By GEOFF SENESCALL
Air New Zealand is seeking to expand its board to 13 in a possible move to accommodate Singapore Airlines if it becomes a 25 per cent shareholder.
However, the company simply said in a letter to shareholders that the increase from the present limit of nine directors reflected the enlarged size of the airline following its purchase of the remaining shareholding in Ansett Australia.
While talks between Singapore Airlines and Air New Zealand's major shareholder, Brierley Investments, stalled last week, much of the detail of an agreement between the two parties has been sorted out.
This is understood to include the number of board seats that Singapore would have if it bought a 25 per cent shareholding from Brierley.
It is believed that Singapore negotiated board representation proportionate to its shareholding.
Analysts expect the deal between Brierley and Singapore Airlines to be resurrected, although there may be a pause before negotiations resume.
Air New Zealand also wants to amend its constitution from the existing requirement that at least two-thirds of the board be New Zealand citizens to include Australian nationals.
Approval for this has been given by the Government, which is the Kiwi shareholder in Air New Zealand.
The proposed amendments to the board structure are outlined in a letter asking shareholders to a special meeting on April 4 to approve the purchase of Ansett, which was announced last month.
Air New Zealand has agreed to pay $A580 million ($734 million) for News Corp's 50 per cent shareholding in Ansett.
As a further payment, News gets issued a 10.5 per cent shareholding in Air New Zealand on a deferred basis.

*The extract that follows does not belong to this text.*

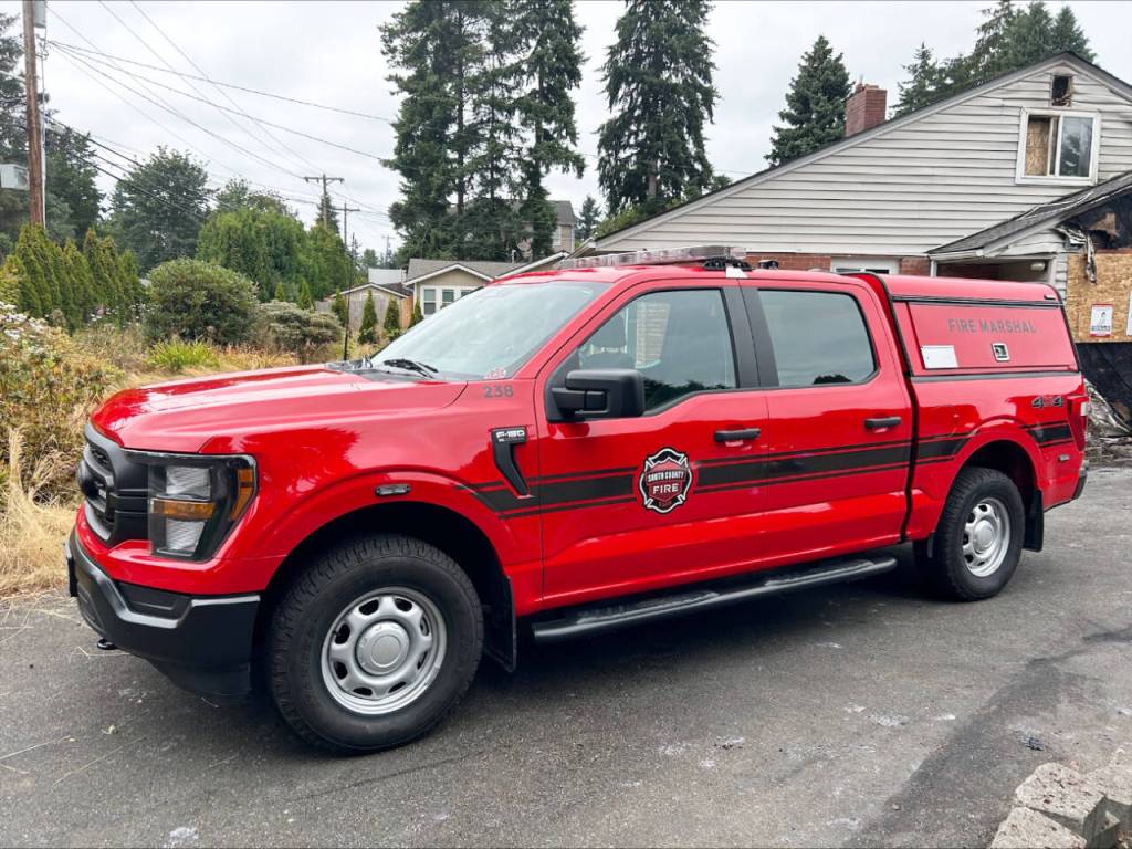 This Ford F-150 from South County Fire was stolen and recovered Friday, July 25, 2025, in Edmonds, Washington, with only minor damage. (South County Fire)

At today's prices, this extra payment is estimated in a report by Deloitte Touche Tohmatsu to be worth $A100 million ($127 million).

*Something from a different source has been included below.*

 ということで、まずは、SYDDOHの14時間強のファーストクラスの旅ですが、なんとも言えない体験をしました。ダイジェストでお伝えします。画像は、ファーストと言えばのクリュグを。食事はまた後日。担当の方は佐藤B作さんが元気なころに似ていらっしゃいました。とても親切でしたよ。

Deloitte said that Air New Zealand's financial leverage as a result of the Ansett purchase would rise from 35 per cent to 56 per cent.

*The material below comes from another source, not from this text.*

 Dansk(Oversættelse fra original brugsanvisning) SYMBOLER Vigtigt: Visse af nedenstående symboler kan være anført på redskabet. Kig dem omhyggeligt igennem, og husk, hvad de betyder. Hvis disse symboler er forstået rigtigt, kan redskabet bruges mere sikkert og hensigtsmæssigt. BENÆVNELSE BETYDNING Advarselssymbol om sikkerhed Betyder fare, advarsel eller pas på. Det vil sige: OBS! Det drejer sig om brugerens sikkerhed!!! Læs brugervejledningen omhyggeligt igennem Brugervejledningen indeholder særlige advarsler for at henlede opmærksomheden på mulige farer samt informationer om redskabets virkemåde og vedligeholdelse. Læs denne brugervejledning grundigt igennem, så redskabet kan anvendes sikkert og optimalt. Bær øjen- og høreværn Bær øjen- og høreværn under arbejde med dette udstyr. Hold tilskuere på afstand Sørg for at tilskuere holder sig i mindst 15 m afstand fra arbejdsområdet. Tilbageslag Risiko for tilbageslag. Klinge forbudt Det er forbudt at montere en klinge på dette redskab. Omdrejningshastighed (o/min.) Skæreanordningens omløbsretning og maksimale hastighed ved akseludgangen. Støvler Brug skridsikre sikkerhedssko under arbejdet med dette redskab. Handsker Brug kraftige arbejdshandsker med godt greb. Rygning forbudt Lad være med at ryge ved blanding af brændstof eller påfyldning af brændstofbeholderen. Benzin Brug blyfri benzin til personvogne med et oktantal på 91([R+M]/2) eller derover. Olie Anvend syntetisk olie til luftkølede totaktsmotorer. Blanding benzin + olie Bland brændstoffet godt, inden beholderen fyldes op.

However, assuming a rights issue is subsequently undertaken, raising $285 million, the company's financial leverage would then be around 50 per cent.
"While the general terms of the financial leverage are moderately high, it is still relatively conservative for the airline industry," Deloitte said.
The Ansett purchase is expected to boost earnings per share by 33c based on Air New Zealand's present share structure.
This is according to statements by the local carrier that it expects to have synergistic benefits over the next one to three years of more than $A220 million ($278 million) a year.
Those benefits include anticipated revenue synergies of at least $A100 million a year and savings of at least $A120 million.
However, earnings per share will drop to around 24.2c, assuming a rights issue takes place.
Air New Zealand said the funds would be raised for general corporate purposes, including the repayment of short-term debt.
It said that it had cash reserves and undrawn facilities of about $975 million as well as a further $449 million in special credit facilities. It would use a mix of these funding lines for the Ansett purchase.
Combined, the airlines produced an after-tax profit for the six months to December of $115 million. Earnings before interest and tax was $263 million.
The total liabilities of both airlines at December 1999 was $5.34 billion while total assets were $7.99 billion.